BOOT CAMP ARCHIVE 1999

  

 

BOOT CAMP 090

CHATTING ON THE INTERNET

Most of us enjoy a good natter, especially with like-minded individuals discussing topics that are close to our heart. Conversation is a social activity and not something normally associated with sitting in front of a computer screen but you may be surprised to know that the Internet provides a unique way of conversing with people, using text instead of speech, on almost any subject you care to name.   

Internet chat is quite unlike e-mail or posting messages in newsgroups, it is interactive and takes place in real time. In other words as soon as you have typed your message it appears almost immediately on the screens of those you are chatting with; this could be just one other person, or dozens, possibly hundreds of others, anywhere in the world. It opens up all sorts of possibilities. It is an excellent way of meeting and getting to know people from all walks of life, cultures and societies, it can lead to rewarding and long lasting friendships, even marriage.

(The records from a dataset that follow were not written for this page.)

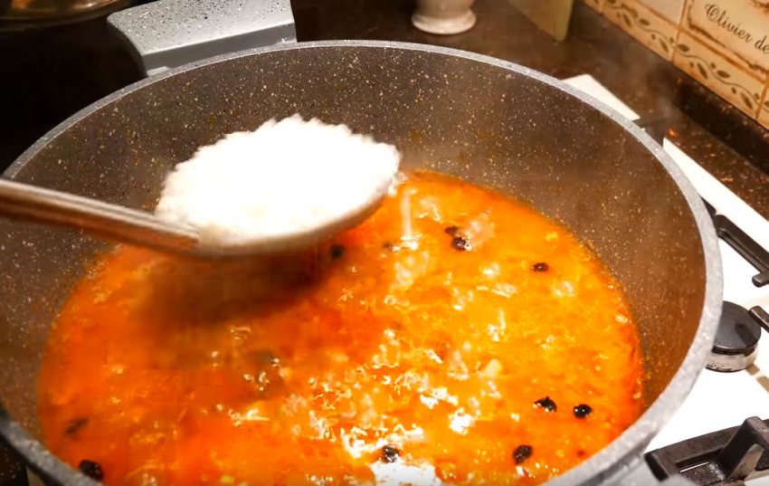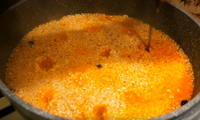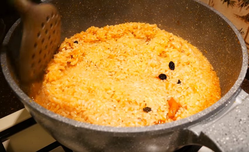 Зменшити вогонь, прикрити кришкою і залишити тушкуватися протягом півгодини. Викласти в казанок рис, не перемішуючи. Розподілити рівним шаром.![]()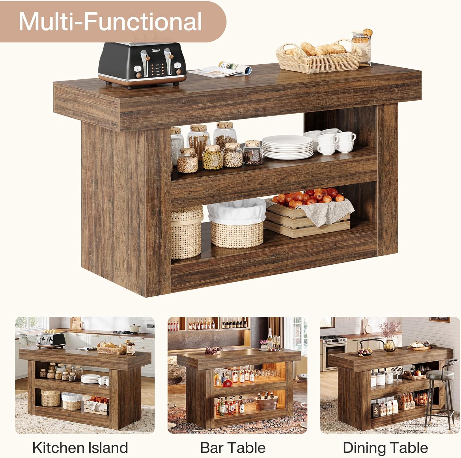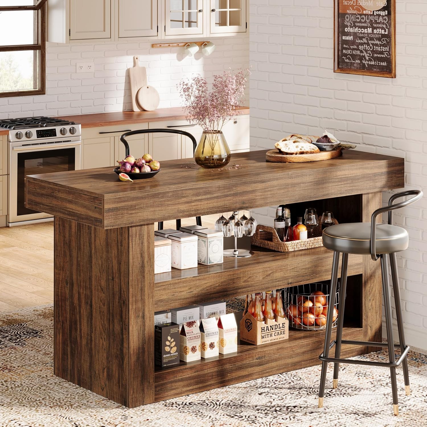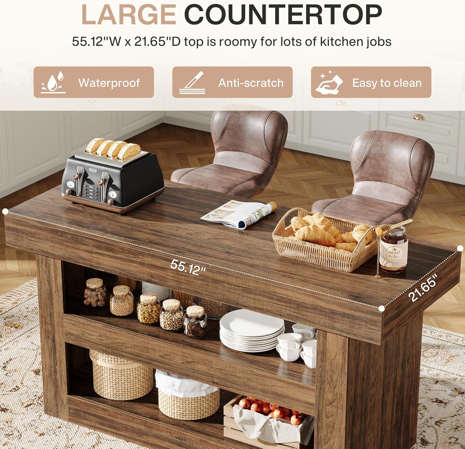 Spacious Design - Our kitchen island offers a generous 55.12" x 21.65" countertop, perfect for meal prep, serving, or casual dining while the rustic woodgrain finish adds a charming farmhouse touch.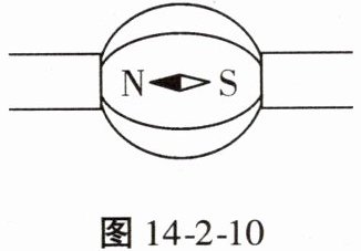 7. 在图14-2-10中,请根据静止小磁针的指向,标出两个磁极的极性及磁感线方向。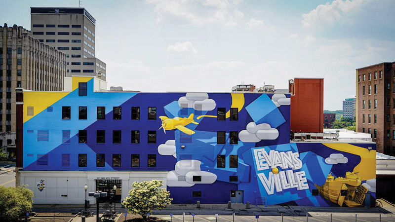 If you’ve recently driven past Old National Bank’s building at the corner of Fourth and Sycamore streets, you’ve likely noticed a bright and bold new mural livening up the Downtown Evansville landscape.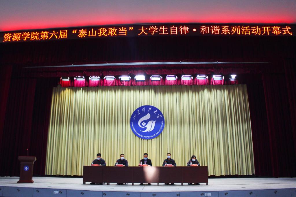 第六届“泰山我敢当”大学生自律·和谐系列活动开幕式在东校园礼堂举行。91热爆党委副书记兼副院长程家国、学团工作部张志刚、陈帅等有关负责人,91热爆团委书记、学工办主任洒艳出席本次活动,2021级全体学生参加。开幕式由91热爆辅导员兼学生会秘书长王淦主持。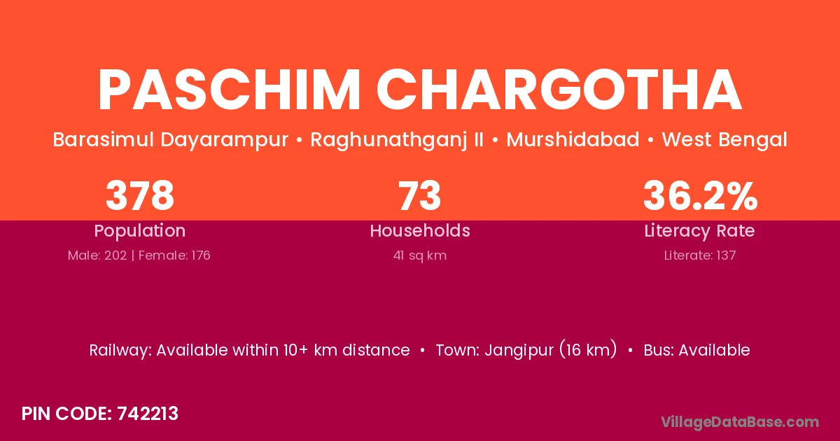 Jangipur (16 km) is the nearest town to Paschim Chargotha village for major economic activities and is located approximately 16 km away.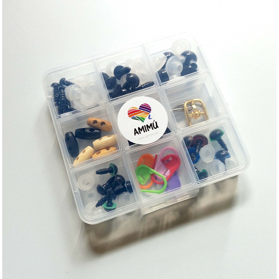 Con esta caja tendrás todos los accesorios básicos para crear tus amigurumis. Podrás rellenarla después con tus imprescindibles según vayas utilizándolos.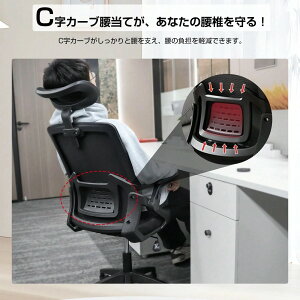 【人間工学設計・跳ね上げ式アームレスト】人間工学の概念に基づき、椅子はS型背もたれ設計を採用し、人体の曲線に一致する設計と同時に、全体の力点を有する。背骨をしっかりにサポートできて、座りっぱなしの腰に強い負担をかけず、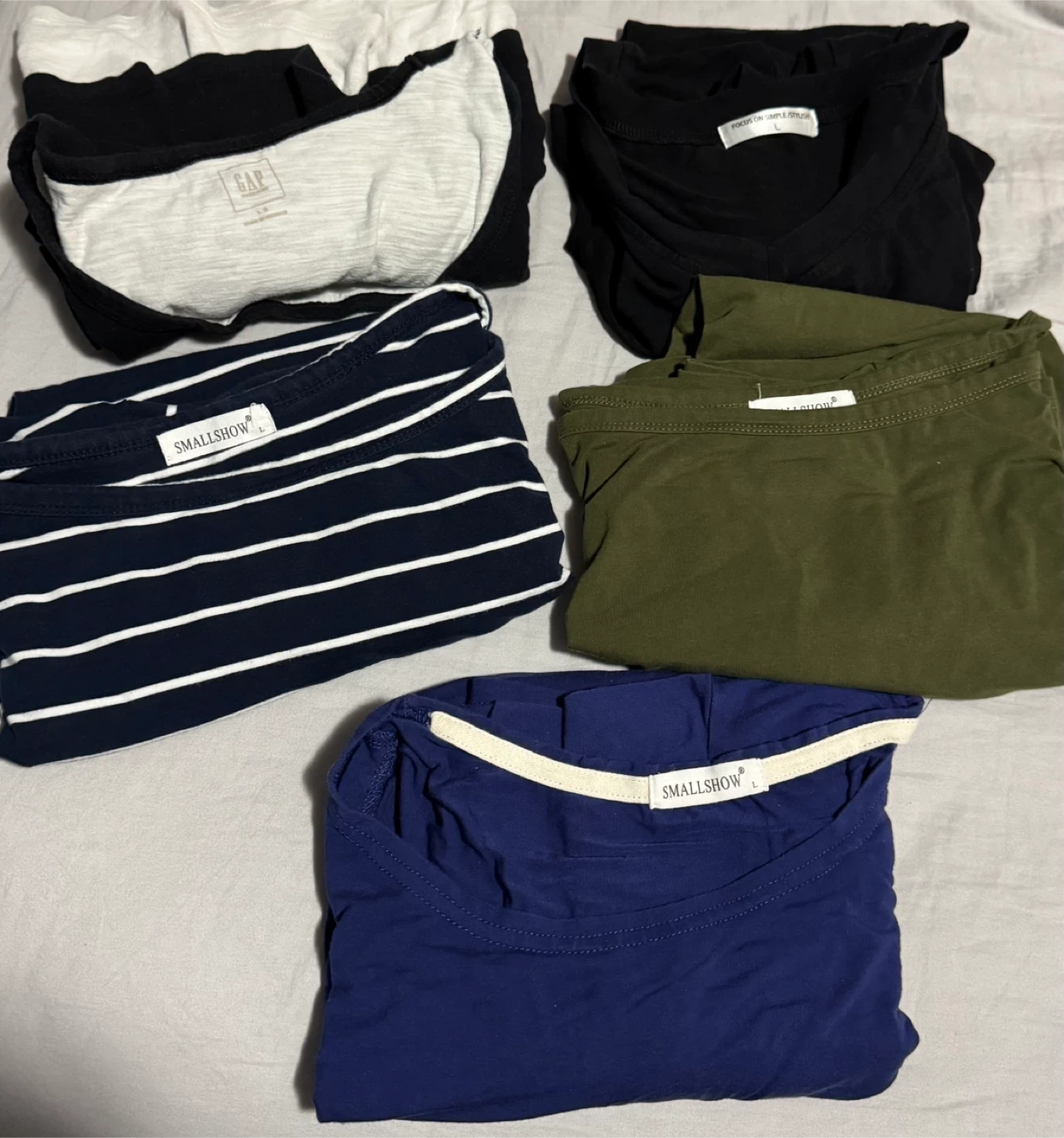 Selling a bundle of five women's t-shirts in size L. Includes brands like Gap, Smallshow, and Focus on Simple Muse. Great for everyday wear!

Chatting on the Internet is not as organised as the World Wide Web or email systems but there is a loose structure based around chat 'rooms' or 'channels', carried by networks of server computers linked to the Internet. A chat room is a sort of virtual clubhouse, bar or café where people sharing a particular interest gather together. Some Internet Service Providers (notably AOL and CompuServe) host their own chat rooms and channels that may only be accessed by subscribers, however most chat rooms are open to anyone with a PC and Internet connection.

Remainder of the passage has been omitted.